The UK’s recent summer budget was certainly operating on summer time when the Chancellor reiterated his commitment to 8am to 8pm GP service delivery despite professional resistance and continuing evidence warning of the risks of such an edict.
The extension of working hours is, at best, a band-aid solution to a festering wound, which could be lethal if its only treatment is a dose of political posturing from both the profession and the politicians.
The global assumption that increasing face-to-face time with providers will improve outcomes has never been further from the truth.
The simple truth is clinicians operate better in the working week and during the day.
Only last month new data was published showing that despite the European Working Time Directive and the Seven Day Services Project, the increase in mortality after major surgery carried out on Fridays was seen consistently across eight of England’s nine regions.
The “weekend effect” is alive and well. The simple truth is clinicians operate better in the working week and during the day – we are human and subject to our hormones. The problem is that services are planned around optimal use of facilities but evaluated by the activities of providers.
This is a logic mismatch. Planning should be around what works and is preferable to forcing a universal 24/7. Where sound evidence supports rapid treatment (irrespective of the hour in the day or the month in the year) and improves outcomes, successful around the clock service provision follows.
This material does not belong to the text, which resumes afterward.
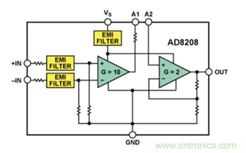 AD8208的更多詳情:AD8203(圖A)是一款單電源差動放大器,非常適合在大共模電壓情況下放大和低通濾波小差分電壓。采用+5 V單電源供電時,輸入共模電壓範圍為-2 V至+45 V。該款放大器提供增強的輸入過壓和ESD保護,並內置EMI濾波功能。

So, rather than turning health institutions into travel destinations where maximal occupancy is the measure of good business acumen, we should be learning from established best clinical practices. For example, we have effective emergency services and urgent treatment to ensure optimal outcomes, as seen in the treatment of cardiac conditions where the rapid insertion of coronary stenting and initiation of thromboembolic medications has significantly changed patient outcomes.
Highlighting what works in an urgent setting through meticulous collaborative research and stakeholder involvement has provided the evidence in the cardiac arena and achieved a positive outcome.
But in longer duration problems it is harder to predict the trajectory of care. All may be well with a patient in the operating theatre on a Saturday but by midnight Sunday things may have changed for the worst.
What is needed is an in depth inquiry to see how healthcare professionals function across all aspects of care. A Seven Days Heath Research Directive might be a good start.